» MATERIAL TO PROCESS:
▼▼▼

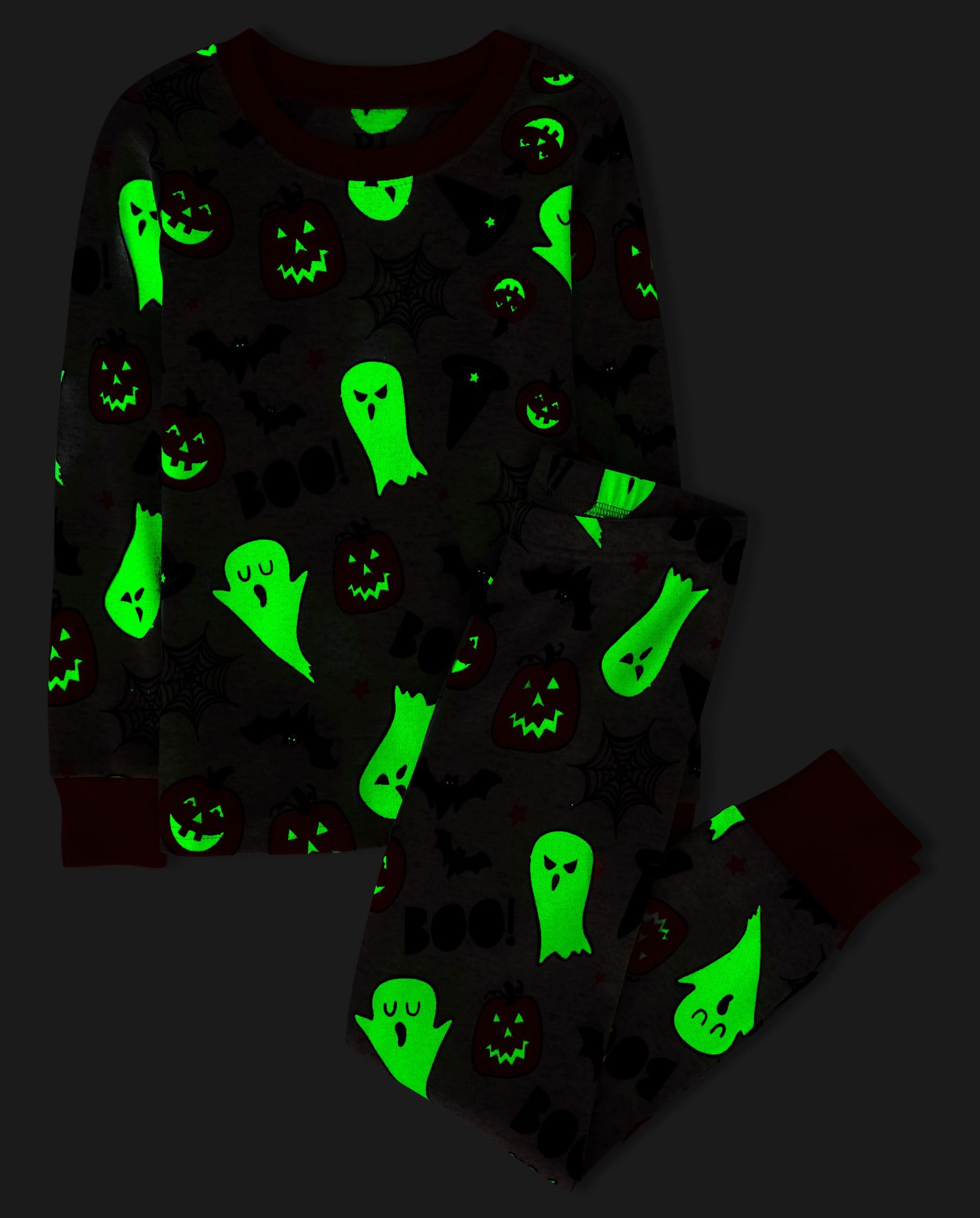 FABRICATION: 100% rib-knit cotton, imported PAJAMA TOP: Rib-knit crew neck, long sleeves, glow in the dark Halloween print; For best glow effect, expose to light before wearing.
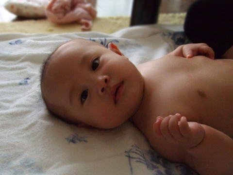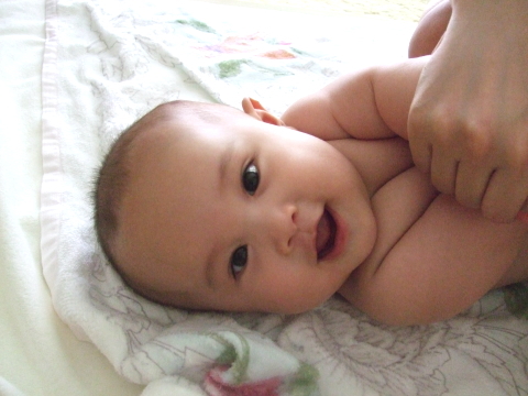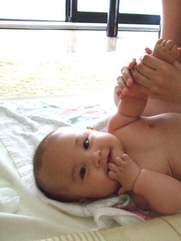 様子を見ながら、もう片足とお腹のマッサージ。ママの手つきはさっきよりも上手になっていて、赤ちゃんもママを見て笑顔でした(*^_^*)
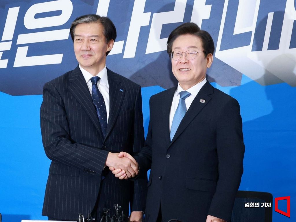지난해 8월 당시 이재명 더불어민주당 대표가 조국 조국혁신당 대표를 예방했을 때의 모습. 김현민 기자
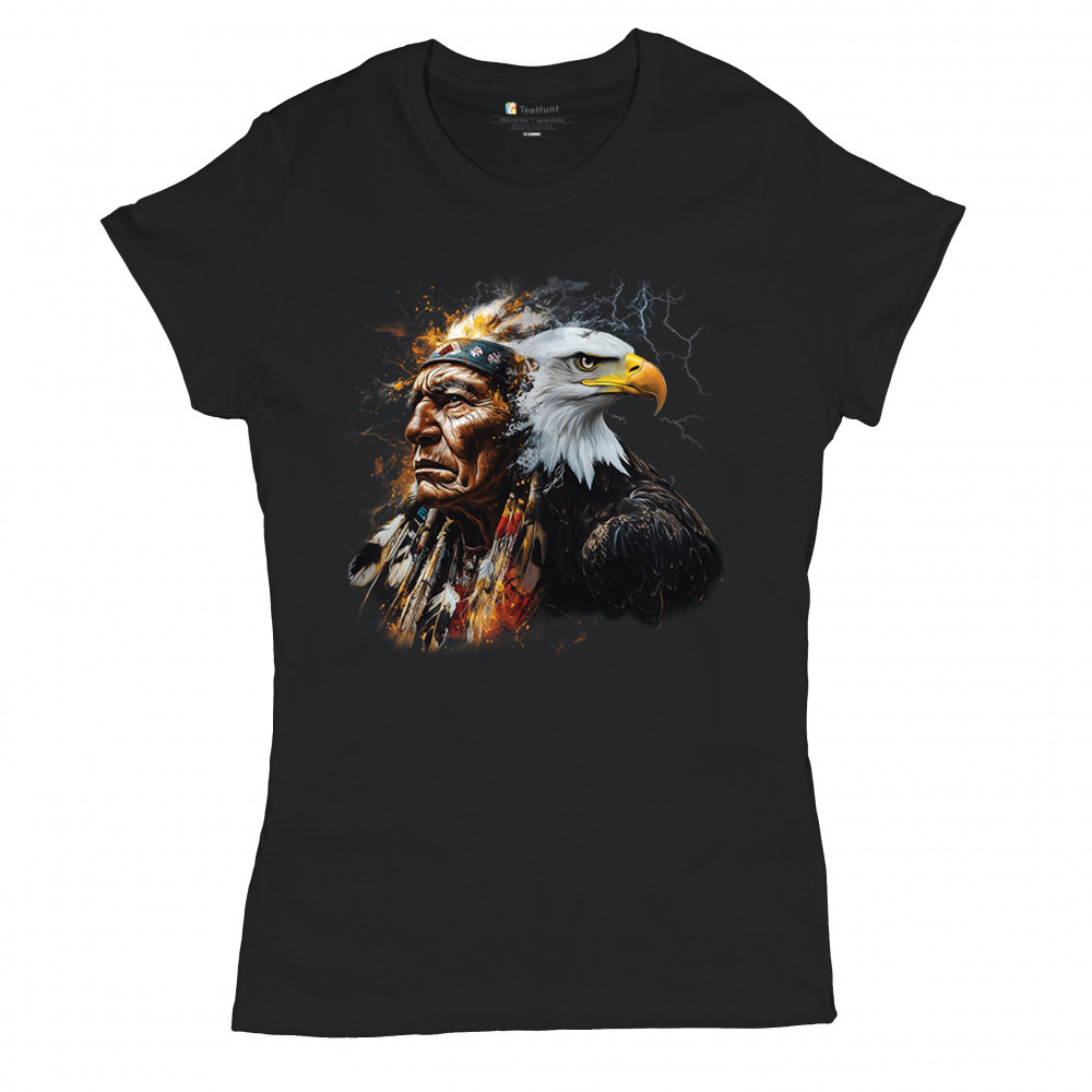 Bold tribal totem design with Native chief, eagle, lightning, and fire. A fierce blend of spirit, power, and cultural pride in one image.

▲▲▲
▼▼▼

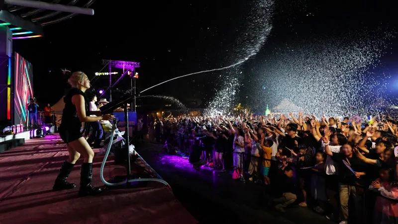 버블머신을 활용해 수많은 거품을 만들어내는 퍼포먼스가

▲▲▲

» WORK TO COMPLETE: Among the entries above, find the line with "様子を見ながら、もう片足とお" and repeat exactly from there through the line with "Bold tribal totem", leaving out the pictures.

» ANSWER AREA:
 様子を見ながら、もう片足とお腹のマッサージ。ママの手つきはさっきよりも上手になっていて、赤ちゃんもママを見て笑顔でした(*^_^*)
지난해 8월 당시 이재명 더불어민주당 대표가 조국 조국혁신당 대표를 예방했을 때의 모습. 김현민 기자
 Bold tribal totem design with Native chief, eagle, lightning, and fire. A fierce blend of spirit, power, and cultural pride in one image.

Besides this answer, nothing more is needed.